Run one for me showed a value of 0.21 IPS at 352°, which as starting points go, is pretty good! Now, here is the only thing that you have to keep straight in your head. First, the degrees given is where the HEAVY side is. In other words, to balance the system you need to add 180° from the value given. Second. The degrees stated are from the master prop (one with the sticker) IN THE DIRECTION OF TRAVEL. If you remember DIRECTION OF TRAVEL – its easy to remember what way you are looking both from the back or the front of the prop!
Adding weight with the standard Lycoming flywheel is easy. There are a number of holes all the way around, that enable the easy addition of weight. It took a couple more runs to fine tune. The second run gave a value of 0.16 IPS @ 121°. Basically we had a little too much weight, and were slightly off on the location. Run three, we moved that bolt one location over in the direction of the light side and got a value of 0.07 IPS @ 92°. Now we just removed a little weight and the final run gave a value of 0.01 IPS @ 146°. Anything under 0.07 is considered excellent, and 0.01 is awesome! Very happy with the results.
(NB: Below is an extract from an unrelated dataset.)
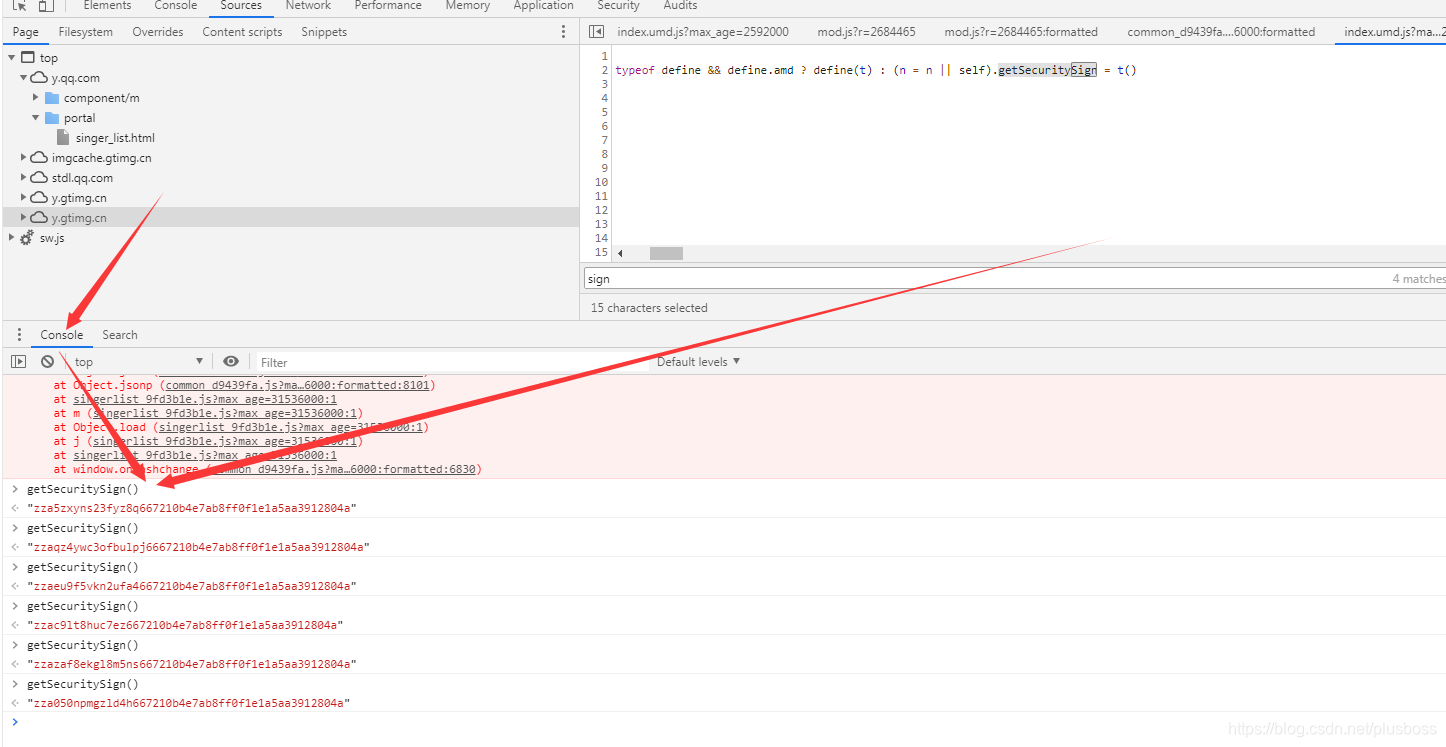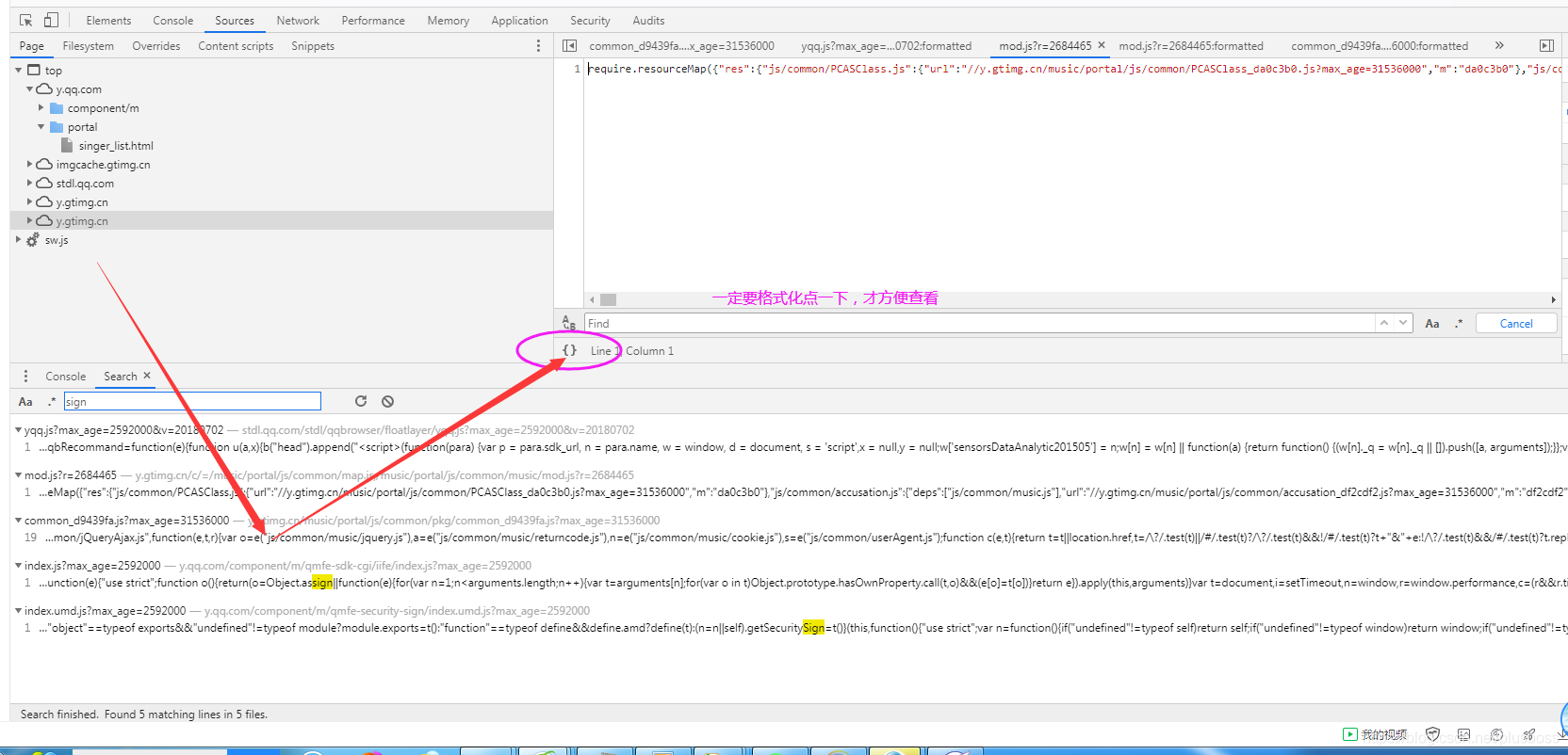 仔细搜索找到这一串代码:r.url.indexOf("u.y.qq.com") > -1 && (r.url = c("sign=" + getSecuritySign(r.data.data), r.url),

My buddy Curtis stopped by the hangar as we finished doing the balance to tell us “Oh, I have a DynaVibe classic you could have used for free!” Thanks Curtis for the timely announcement! 😀
We also balanced the wooden fixed pitch prop on Alan’s RV-4. As we had already done my prop, we were quite quick in doing his. His values started out at 0.61 IPS 29°. After 3 runs, and three bolts, we arrived at a 0.05 IPS @ 216 degrees. I was not able to notice a difference between my 0.21 and 0.01 – but unlike Alan I am not yet attuned to the vibrations and sounds of my engine. I speculated that Alan would be able to feel a difference between 0.61 and 0.05. Sure enough he said on the taxi back to his hangar he could notice a definite reduction in vibration. I’m curious to hear his flight observations!